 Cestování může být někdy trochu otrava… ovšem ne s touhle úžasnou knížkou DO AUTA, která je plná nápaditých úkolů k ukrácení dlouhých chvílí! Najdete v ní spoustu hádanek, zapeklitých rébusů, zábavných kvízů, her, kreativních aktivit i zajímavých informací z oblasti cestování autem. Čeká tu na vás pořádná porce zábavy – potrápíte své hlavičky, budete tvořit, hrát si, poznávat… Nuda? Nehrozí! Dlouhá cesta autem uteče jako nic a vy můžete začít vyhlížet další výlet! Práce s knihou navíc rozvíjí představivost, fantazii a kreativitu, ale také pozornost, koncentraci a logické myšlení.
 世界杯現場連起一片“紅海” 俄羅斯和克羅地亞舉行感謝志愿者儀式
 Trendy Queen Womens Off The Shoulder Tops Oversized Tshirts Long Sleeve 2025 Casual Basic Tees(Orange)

--

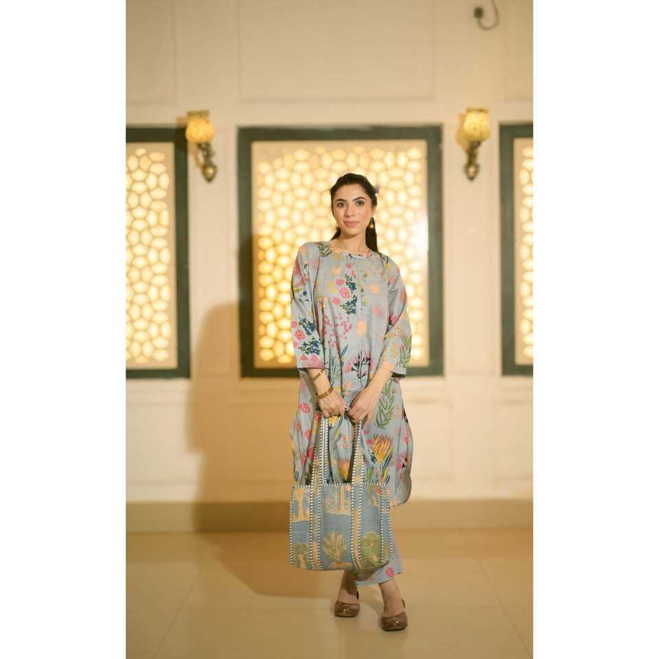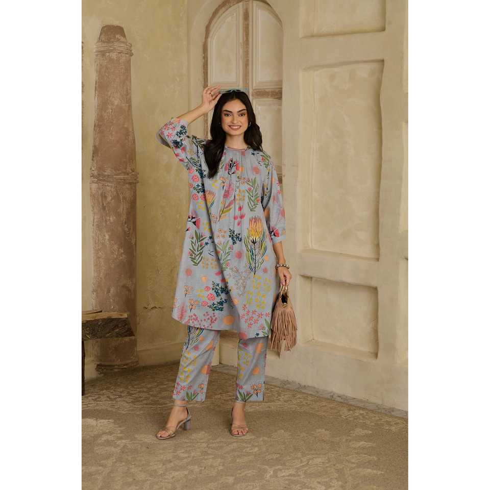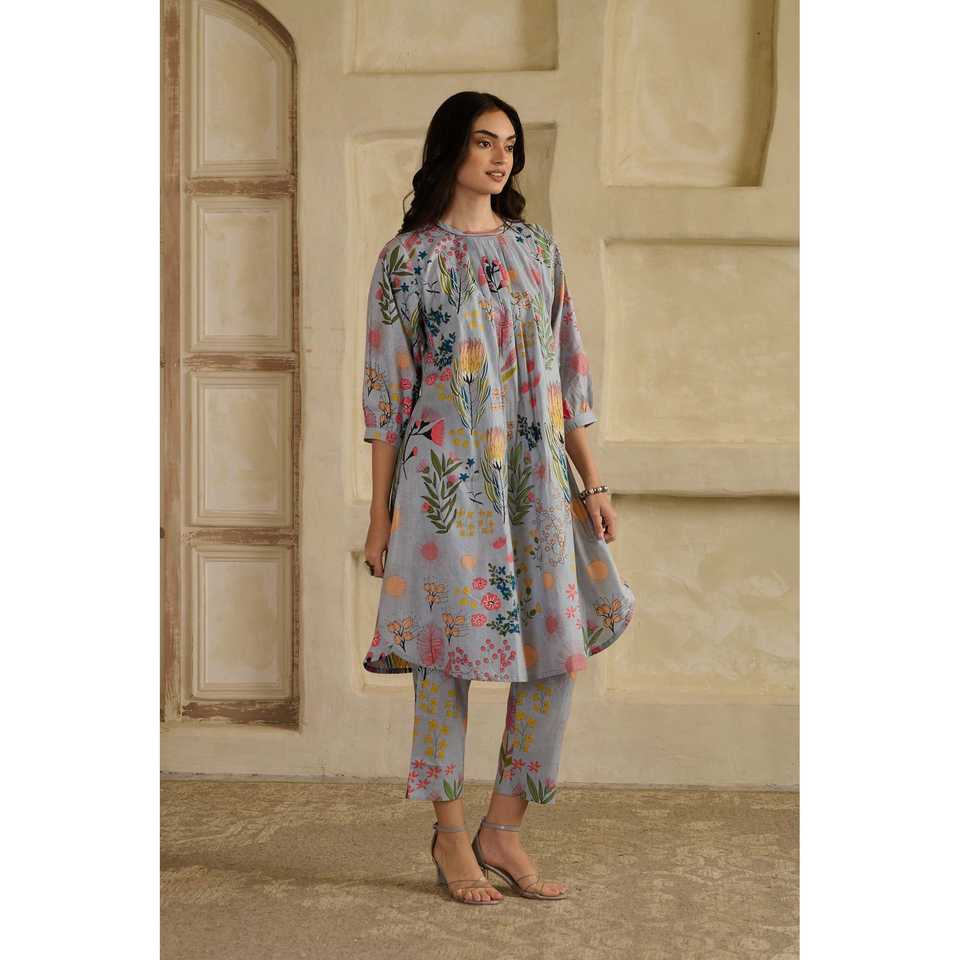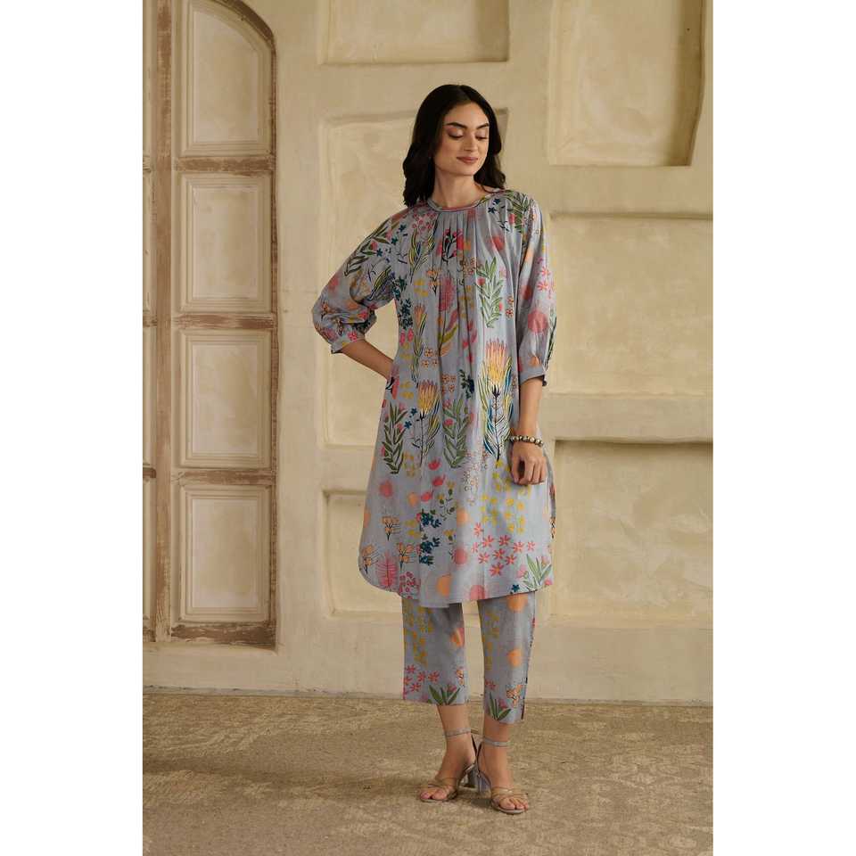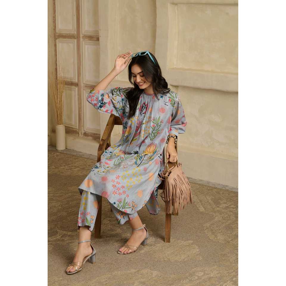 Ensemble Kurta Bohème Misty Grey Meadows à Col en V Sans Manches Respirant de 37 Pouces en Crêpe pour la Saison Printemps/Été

==

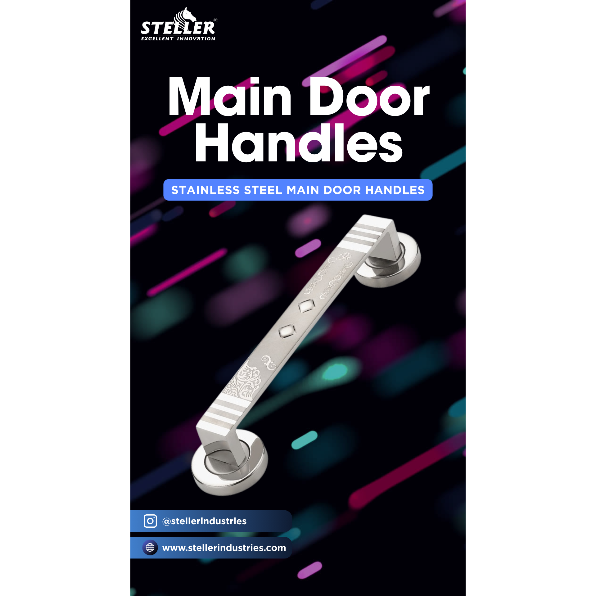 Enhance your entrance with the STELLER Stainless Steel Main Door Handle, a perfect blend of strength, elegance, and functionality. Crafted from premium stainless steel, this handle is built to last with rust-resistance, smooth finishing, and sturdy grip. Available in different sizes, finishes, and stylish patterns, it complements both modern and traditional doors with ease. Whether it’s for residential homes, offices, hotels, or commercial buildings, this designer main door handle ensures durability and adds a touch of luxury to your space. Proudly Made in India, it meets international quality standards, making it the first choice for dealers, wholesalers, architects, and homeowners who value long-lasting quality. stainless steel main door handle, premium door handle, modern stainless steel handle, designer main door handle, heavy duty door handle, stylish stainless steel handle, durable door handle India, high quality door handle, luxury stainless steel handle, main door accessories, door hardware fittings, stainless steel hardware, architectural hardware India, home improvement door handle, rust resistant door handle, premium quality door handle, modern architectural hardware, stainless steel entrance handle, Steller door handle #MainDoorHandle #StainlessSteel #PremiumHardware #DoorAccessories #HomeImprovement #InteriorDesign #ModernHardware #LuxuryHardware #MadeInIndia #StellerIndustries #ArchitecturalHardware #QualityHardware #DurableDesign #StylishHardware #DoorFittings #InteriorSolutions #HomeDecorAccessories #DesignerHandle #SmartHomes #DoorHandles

** Exercise prompt **
Your task is to retype the entries verbatim, starting with the line that holds "Cestování může být" and stopping after the line that holds "Trendy Queen Womens".

** Exercise result **
 Cestování může být někdy trochu otrava… ovšem ne s touhle úžasnou knížkou DO AUTA, která je plná nápaditých úkolů k ukrácení dlouhých chvílí! Najdete v ní spoustu hádanek, zapeklitých rébusů, zábavných kvízů, her, kreativních aktivit i zajímavých informací z oblasti cestování autem. Čeká tu na vás pořádná porce zábavy – potrápíte své hlavičky, budete tvořit, hrát si, poznávat… Nuda? Nehrozí! Dlouhá cesta autem uteče jako nic a vy můžete začít vyhlížet další výlet! Práce s knihou navíc rozvíjí představivost, fantazii a kreativitu, ale také pozornost, koncentraci a logické myšlení.
 世界杯現場連起一片“紅海” 俄羅斯和克羅地亞舉行感謝志愿者儀式
 Trendy Queen Womens Off The Shoulder Tops Oversized Tshirts Long Sleeve 2025 Casual Basic Tees(Orange)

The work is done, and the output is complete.